Application being made to the lieutenant-governor,
several orders were given out calculated to induce them to return to their
duty, informing them, that if they remained behind they would be
certainly sent to hard labour, and the persons who had harboured them
severely punished. But our settlements had now become so extensive, that
orders did not so readily find their way to the settlers, as runaways and
vagrants, who never failed of finding employment among them, particularly
among those at the river.
On the 8th a farm of twenty-five acres of ground in the district of
Concord was sold by public auction for thirteen pounds. Four acres were
planted with Indian corn, and half an acre with potatoes; there was
beside a tolerable hut on the premises.
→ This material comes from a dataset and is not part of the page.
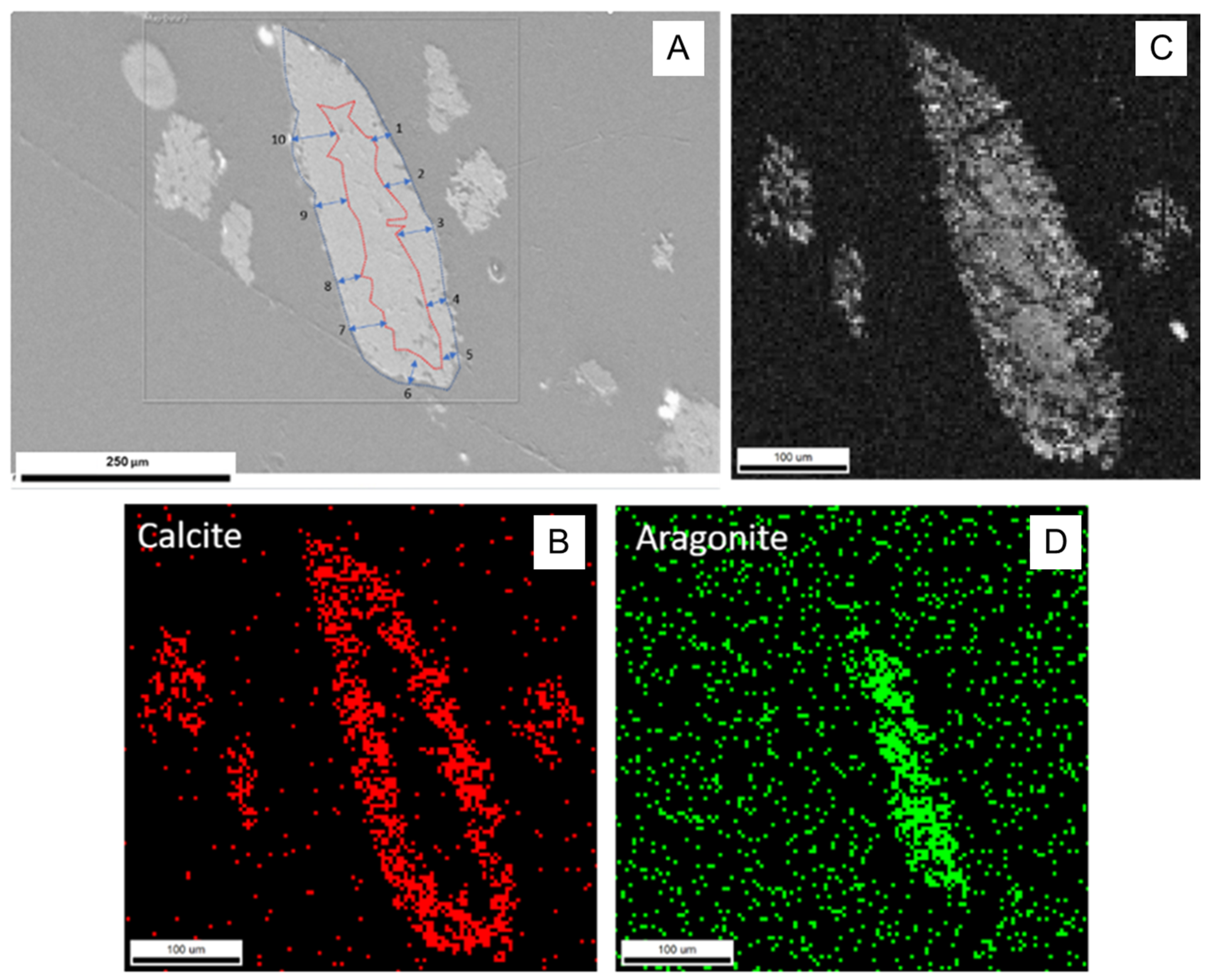 | A1 | 162 | 1152 | 8.3 | Red natural aragonite | Aragonite core with calcite rim, EBSD |
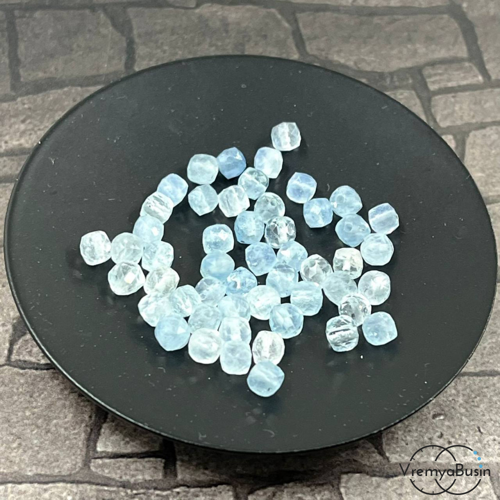 • Аквамарин, кубик с ювелирной огранкой,   4х4    мм (упак. 10    шт.)

This farm was the property of
Samuel Crane, a soldier, who, too industriously for himself, working on
it on the Sunday preceding his death, received a hurt from a tree which
fell upon him, and proved fatal.
Every preparation for accommodating the lieutenant-governor and his
family being completed on board the _Daedalus_, he embarked in the
evening of the 15th. Previous to his departure, such convicts as were at
that time confined in the cells, or who were under orders for punishment,
were released; several grants of lands were signed, conveying chiefly
small allotments of twenty-five acres each to such soldiers of the
regiment as were desirous of, and made application for that favour; and
some leases of town lots were given.